Purpose: To further evaluate the potential utility of single marker technology for the detection of non-O157 STEC in the produce production environment and to investigate the confirmatory presence of virulence genes in purified isolates.
Methods: 177 samples (basil, bok choy, leeks, kale, chard, collard, parsley, soil, sediments, and irrigation water) were collected in four seasonal samplings. Bacteria were captured by filtration using Modified Moore Swabs and enriched in Tryptic Soy Broth-novobiocin, and incubated for 24 h at 42°C. Enrichments were screened with the Atlas® STEC EG2 Combo Detection Assay and cultural isolation conducted.
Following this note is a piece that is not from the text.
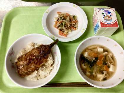 今日は6月4日で、「虫歯」の「む・し」にちなんで「虫歯予防デー」とされています。歯の健康のためには、しっかりとよく噛むことが大切です。さらによく噛むことで、脳への血行促進、アゴの力が強くなる、消化吸収を助けるなど様々な効果があります。そのため、今日は「イワシの蒲焼き丼」と「カミカミサラダ」、小松菜の入った「みそ汁」など、よく噛める料理を揃えました。といっても、イワシは油で揚げているので骨までやわらかくなっており、その他のメニューの野菜もしっかり茹でており、いつもどおり食べやすくなっているので、給食時間に支障は無いと思います。あとはみなさんが献立表を見て、噛むことを少し意識してもらえたなら嬉しいです!
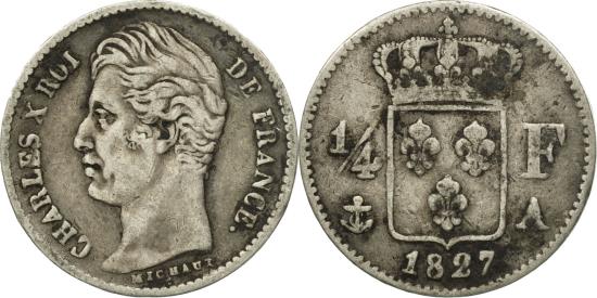 | | Coin, France, Charles X, 1/4 Franc, 1827, Paris, , Silver, KM:722.1, Le | | | Charles X, Head left, Crowned arms divide denomination, CHARLES X ROI DE FRANCE | | FEATURES |

A multiplex MXPCR for E. coli 16s rDNA, stx1, stx2, and eae gene targets was used for initial characterization. Positive strains were examined by PCR for seven virulence-associated genes. Known clinical non-O157 were reference standards.
Results: 52 (29.4%) samples were positive for STEC. Ten samples (5.6%) were positive for E. coli O157:H7. Basil showed a higher positive outcome (10.2%). Of 373 presumptive E. coli colonies purified, only 7 isolates (1.9%) were stx/eae positive, 34 (9.1%) and 44 (11.8%) were individually positive for stx and eae, respectively. Seventeen different marker profiles were obtained. Most of the STEC were isolated from positive enrichments, however isolates carrying stx and other virulence genes (ehxA, adfO)were recovered from negative samples.
Significance: This study contributes to a larger longer‐term effort to clarify the risk associated with the diverse STEC group and its application to routine compliance and lot acceptance testing for fresh produce.